• [ASSIGNMENT] Every entry should be reproduced precisely, with each picture left out.

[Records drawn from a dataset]
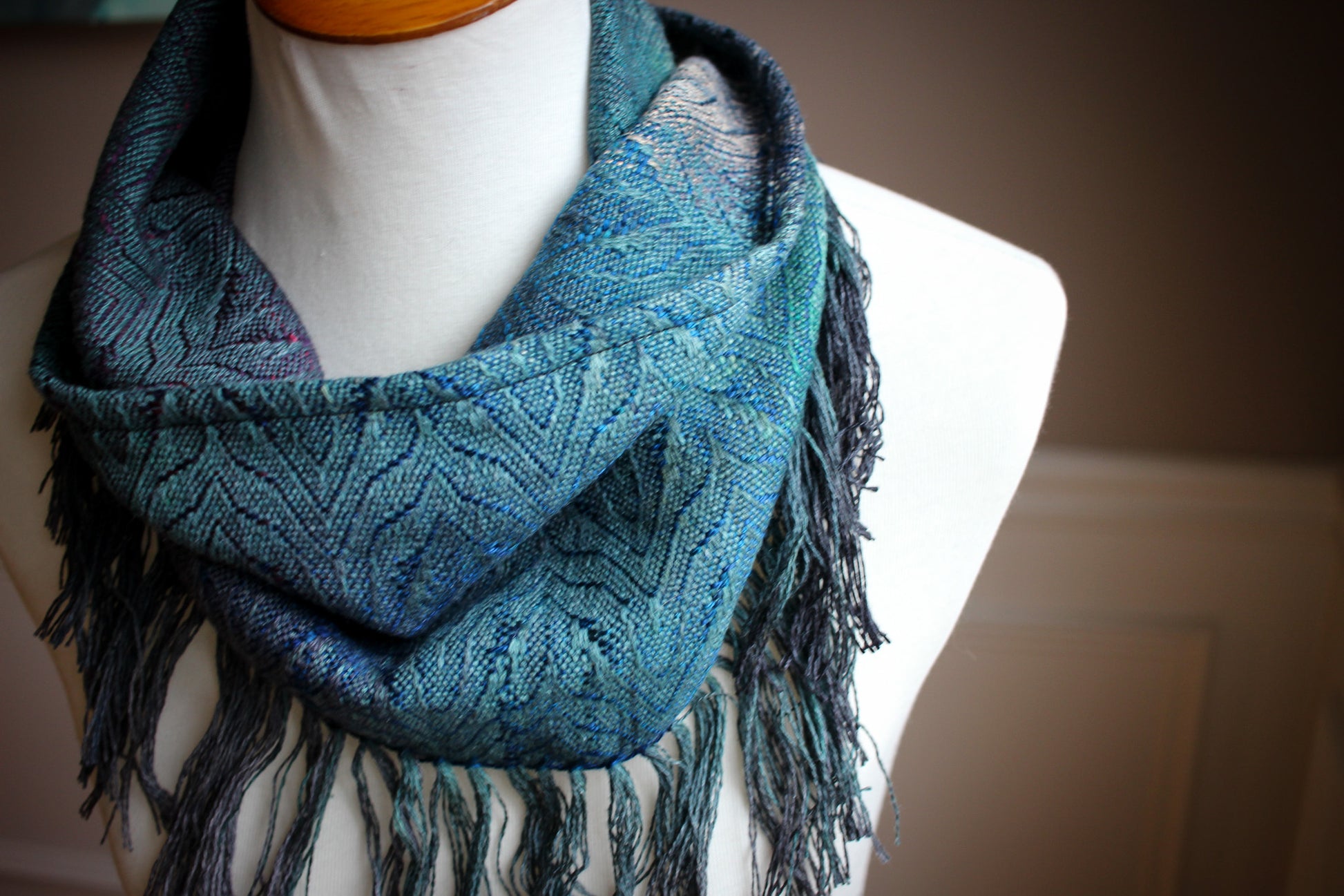 Ogenas is a 12/2nm 65% tussah/35% linen warp - this has a beautiful soft, flannely, smooshy texture! The weft on this piece is a slightly thicker 9.1/2nm Peruvian mulberry silk. The weft is dyed with color pooling in vibrant shades of emerald, sapphire & rich purple.
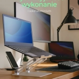 Stabilno in stilsko stojalo za prenosnik do 17" iz kakovostnega aluminija za ergonomsko delo. Ponuja nastavljivo višino, protizdrsne elemente in učinkovito hlajenje zaradi perforirane površine. Zaradi oblike Z lahko zlahka nastavite zaslon na višino oči ter razbremenite vrat in ramena.
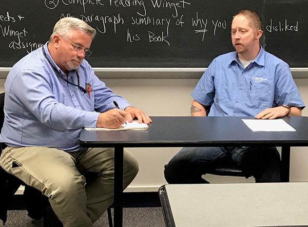 Bryan E. McCaffery, HVAC department supervisor at Bucknell University, recently returned to his alma mater to conduct mock interviews to prepare the students in Kathy M. Richards’ Communications class (ENL010) for job placement upon graduation. A 1981 graduate of Williamsport Area Community College's diesel mechanic major, McCaffery also earned a Penn College degree in heating, ventilation and air conditioning technology in 1998. He is a former director of maintenance and facility operations for the Williamsport Area School District and, Richards said, "was happy to give back to the college that has equipped him to be successful in life!"Photos provided
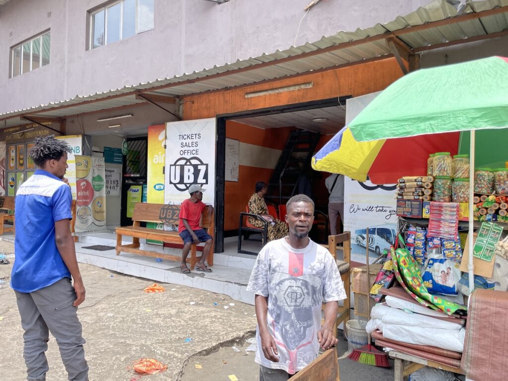 最初から、「チップは払えないからねー」を連呼しつつ、笑顔で対応。チケットオフィスの場所はわからないので「UBZのオフィス探してるんだ〜」と雑談をしながらついていくと、案の定違う会社に連れて行かれます。それも後々振り返るとUBZのチケットオフィスの前を歩かないようなルートを選んでるので確信犯だと思われます。ここのターミナルにはバス会社がめちゃくちゃあるみたいで、争奪戦なんでしょうね。まぁ仕方ないか。違うバス会社は振り切って、再度UBZのオフィスを探すと見つけました。こちらです。
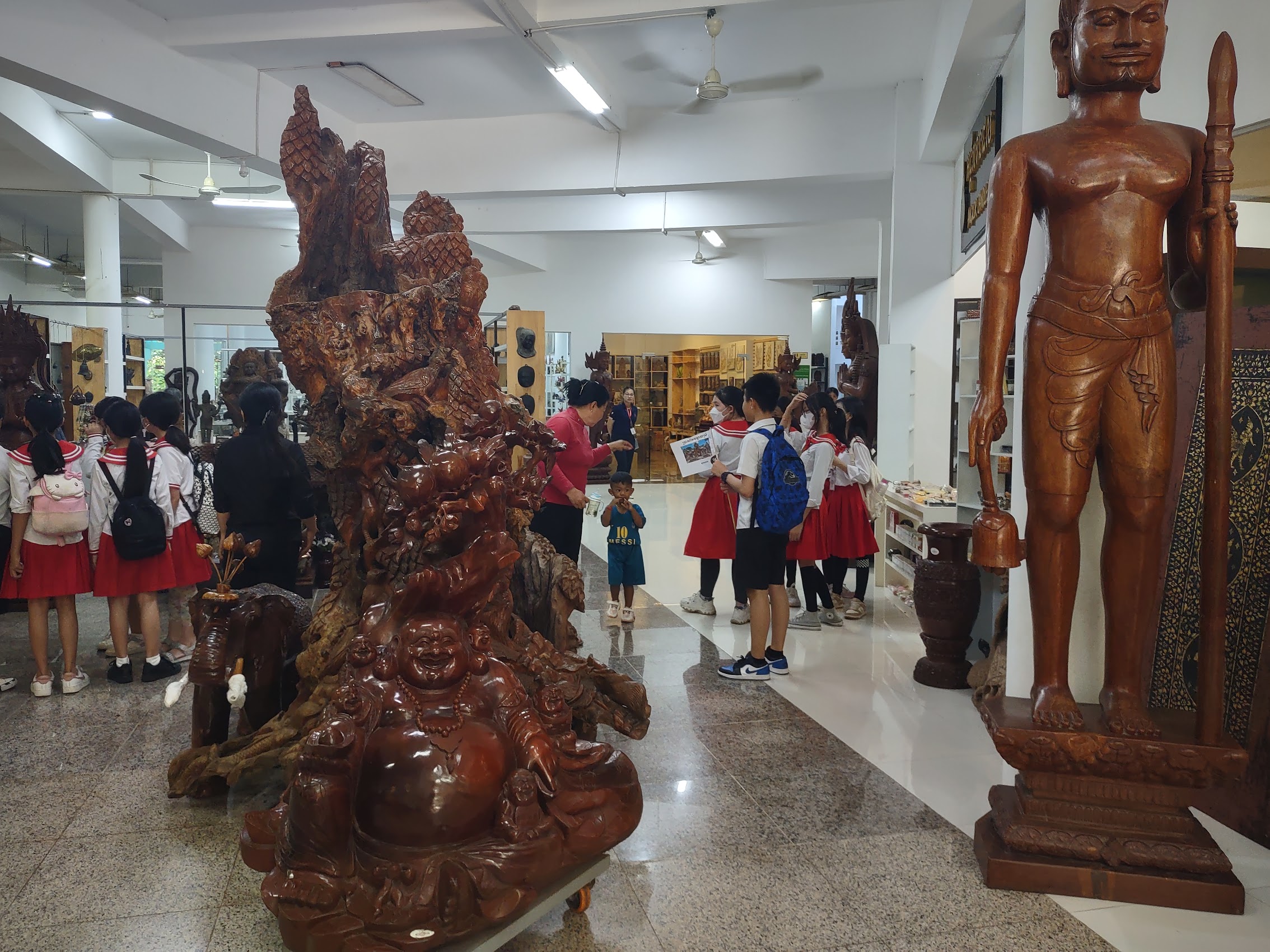 From the Central Market we headed back to Preah Norodom and continued north to our final stop for the day, Wat Phnom Dau Penh, that hill erected by Lady Penh back in 1372 which was where this city started. Today Phnom Dau Penh, which was larger than we had expected, houses a number of structures including a memorial to Lady Penh, a very large stupa, a beautiful Buddhist temple, and a visitors center with a gift shop which featured some of the most amazing art and handicrafts we had seen thus far in Phnom Penh.

• [ANSWER BELOW]
 Ogenas is a 12/2nm 65% tussah/35% linen warp - this has a beautiful soft, flannely, smooshy texture! The weft on this piece is a slightly thicker 9.1/2nm Peruvian mulberry silk. The weft is dyed with color pooling in vibrant shades of emerald, sapphire & rich purple.
 Stabilno in stilsko stojalo za prenosnik do 17" iz kakovostnega aluminija za ergonomsko delo. Ponuja nastavljivo višino, protizdrsne elemente in učinkovito hlajenje zaradi perforirane površine. Zaradi oblike Z lahko zlahka nastavite zaslon na višino oči ter razbremenite vrat in ramena.
 Bryan E. McCaffery, HVAC department supervisor at Bucknell University, recently returned to his alma mater to conduct mock interviews to prepare the students in Kathy M. Richards’ Communications class (ENL010) for job placement upon graduation. A 1981 graduate of Williamsport Area Community College's diesel mechanic major, McCaffery also earned a Penn College degree in heating, ventilation and air conditioning technology in 1998. He is a former director of maintenance and facility operations for the Williamsport Area School District and, Richards said, "was happy to give back to the college that has equipped him to be successful in life!"Photos provided
 最初から、「チップは払えないからねー」を連呼しつつ、笑顔で対応。チケットオフィスの場所はわからないので「UBZのオフィス探してるんだ〜」と雑談をしながらついていくと、案の定違う会社に連れて行かれます。それも後々振り返るとUBZのチケットオフィスの前を歩かないようなルートを選んでるので確信犯だと思われます。ここのターミナルにはバス会社がめちゃくちゃあるみたいで、争奪戦なんでしょうね。まぁ仕方ないか。違うバス会社は振り切って、再度UBZのオフィスを探すと見つけました。こちらです。
 From the Central Market we headed back to Preah Norodom and continued north to our final stop for the day, Wat Phnom Dau Penh, that hill erected by Lady Penh back in 1372 which was where this city started. Today Phnom Dau Penh, which was larger than we had expected, houses a number of structures including a memorial to Lady Penh, a very large stupa, a beautiful Buddhist temple, and a visitors center with a gift shop which featured some of the most amazing art and handicrafts we had seen thus far in Phnom Penh.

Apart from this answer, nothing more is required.